# Fliegenfischen im südlichen Österreich



## zanderfan23 (16. Januar 2010)

Hallo!#h
Wie ich soeben erfahren habe, fahr ich kommende Sommerferien doch nicht nach Wales sondern nach Österreich. Da mir meine Eltern überlassen haben, wo wir nach Österreich fahren (soll nur im südlichen Österreich sein) möchte ich wissen, wo ich am Besten auf Saiblinge, Refo's und Bachforellen Fliegenfischen kann. Ich bevorzuge es an Fließgewässern zu fischen und die Tageskarte sollte nicht teurer als 15€ sein. Kann mir jemand weiterhelfen? #c
Vielen Dank schon mal und viele Grüße,
zanderfan23 |supergri


----------



## Lenzibald (16. Januar 2010)

*AW: Fliegenfischen im südlichen Österreich*

Servus. Schau mal auf www.anglerinfo.at da findest sicher was.
Der Preis mit der 15€ wird schwierieg sein fürn Fliegenwasser, die bewegen sich eher 50€ aufwärts.
MfG
Lenzi


----------



## zanderfan23 (18. Januar 2010)

*AW: Fliegenfischen im südlichen Österreich*

Dank dir!


----------



## cwi (22. Januar 2010)

*AW: Fliegenfischen im südlichen Österreich*

schau mal hier:
Fischradar.com/suchen/angeln_in_oesterreich/fliegenfischen/


----------



## WEISHEITSGRANATE (30. Januar 2010)

*AW: Fliegenfischen im südlichen Österreich*

In osttirol gibt es wirklich gute Bäche :m:m


----------



## Lenzibald (30. Januar 2010)

*AW: Fliegenfischen im südlichen Österreich*

Servus. Leute schauts mal genau Tageskarte sollte nicht über 15€ kosten. Wo bitte gibts in Österreich ein vernünftiges Fliegenwasser um den Preis. Ich kenne keines.
MfG
Lenzi


----------



## WEISHEITSGRANATE (30. Januar 2010)

*AW: Fliegenfischen im südlichen Österreich*

Tageskate in Osttirol ca 40 €


----------



## michi0212 (30. Januar 2010)

*AW: Fliegenfischen im südlichen Österreich*

http://www.bad-eisenkappel.info/391-0-fliegenfischen.html

Schau mal da rein ! Das ist in Kärnten. Schöne Gegend. Super Fischen. Aber eine Karte um € 15,- ist nicht drinnen.


----------



## Celtic-hero (5. Februar 2010)

*AW: Fliegenfischen im südlichen Österreich*



WEISHEITSGRANATE schrieb:


> Tageskate in Osttirol ca 40 €




Für eine Tageskarte ?? ganz sicher ? Dann fahre ich doch woanders hin ...


----------



## haubentaucher85 (5. Februar 2010)

*AW: Fliegenfischen im südlichen Österreich*

hi zanderfan, falls du noch nichts gebucht hast, kann ich dir meinen heimatbezirk, leibnitz in der südsteiermark wärmstens empfehlen! bin selbst zwar kein fliegenfischer, aber die reviere sulm1, sulm3 (oberer revierteil) und evtl lasnitz dürften für deine zwecke genau passen. vorallem im revier sulm1 erwartet dich ein naturnaher, kleinerer fluss mit meines wissens nach guten salmoniedenbeständen. die gegend bietet außerdem genügend bade und wandermöglichkeiten sowie ggf auch kulturelles program. 
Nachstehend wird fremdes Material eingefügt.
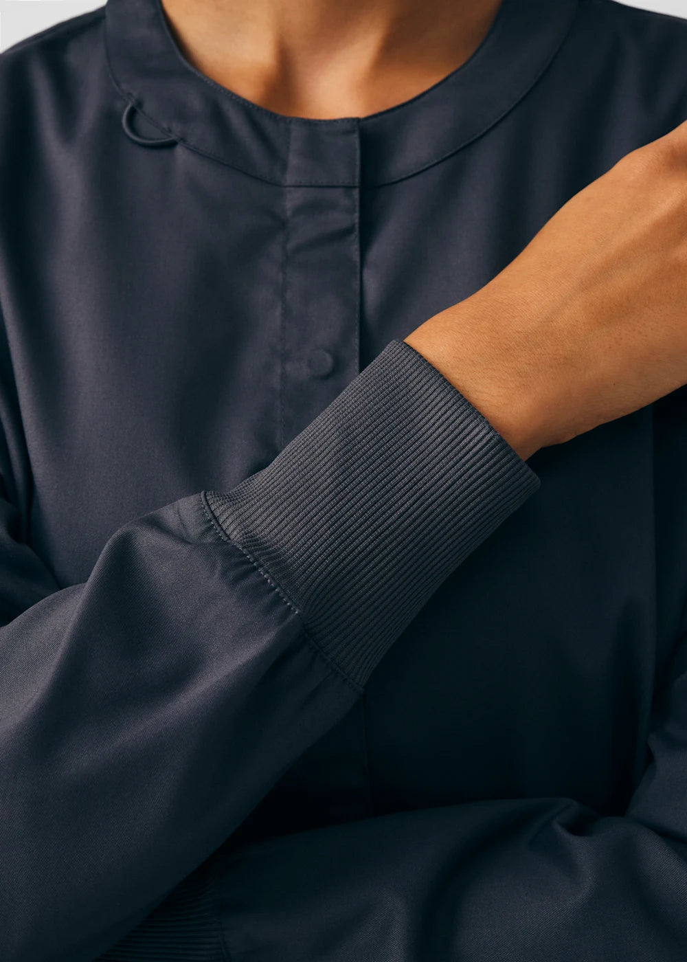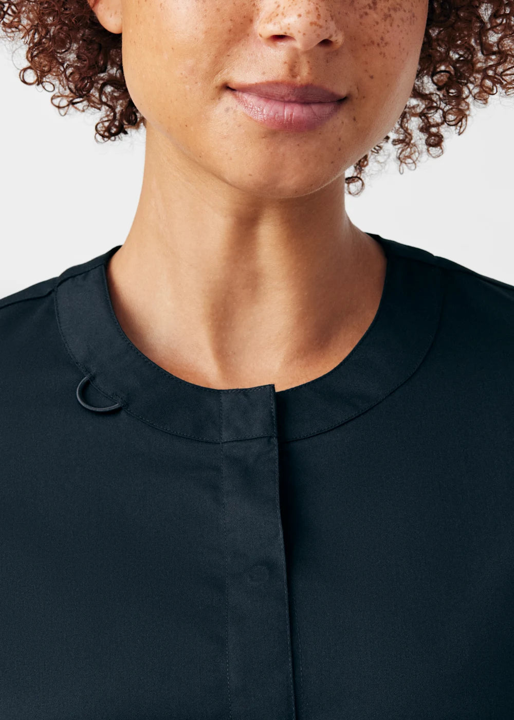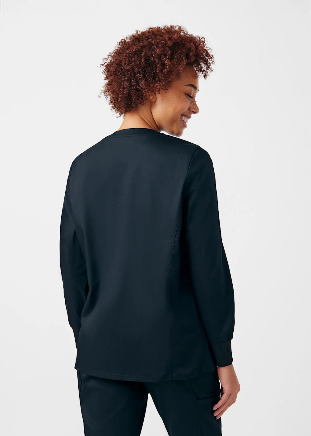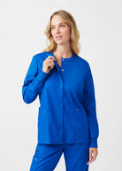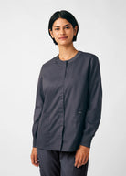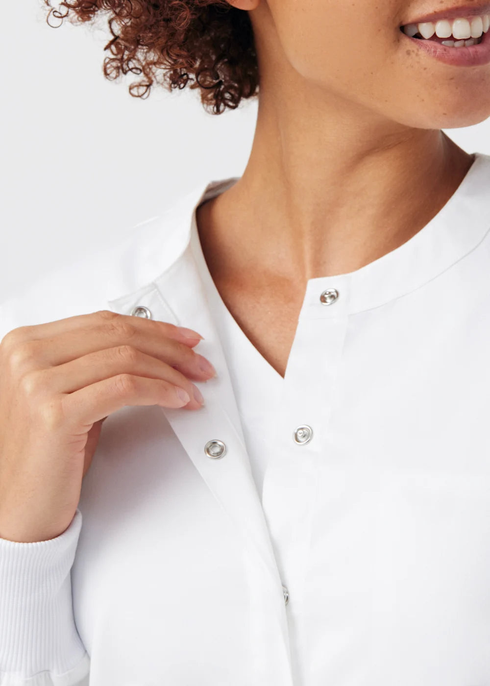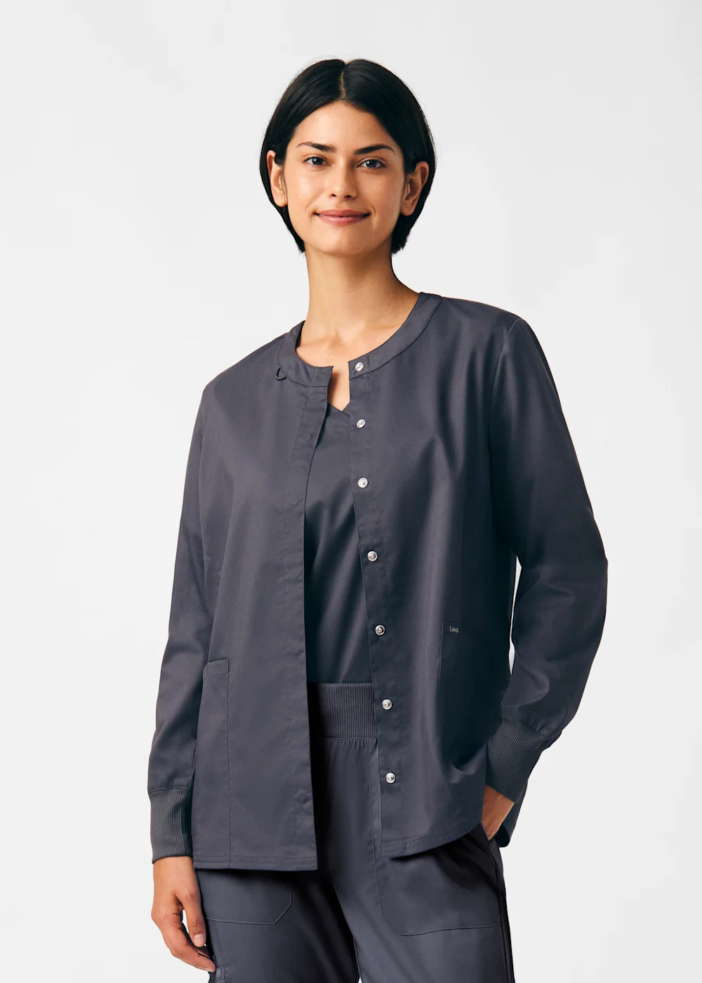 Stay warm and snug at work with our women's jacket. Its hidden snap front ensures a sleek look while keeping you warm. Complete with a round neck featuring a convenient loop for your badge loop, soft and cozy knit cuffs, and flattering princess seams for a feminine silhouette. This jacket boasts three front pockets, including two pen slots, and a hidden utility loop to keep your essentials organized and within reach.

tageskarten kosten 25, wochenkarten 75 euro. nähere infos gibts auf der homepage vom fischereiverein leibnitz (einfach googln)

grüsse aus wien, haubentaucher 85


----------



## WEISHEITSGRANATE (13. Februar 2010)

*AW: Fliegenfischen im südlichen Österreich*



Celtic-hero schrieb:


> Für eine Tageskarte ?? ganz sicher ? Dann fahre ich doch woanders hin ...




Steht auf na homeage von mem fiegenfischerverein.


----------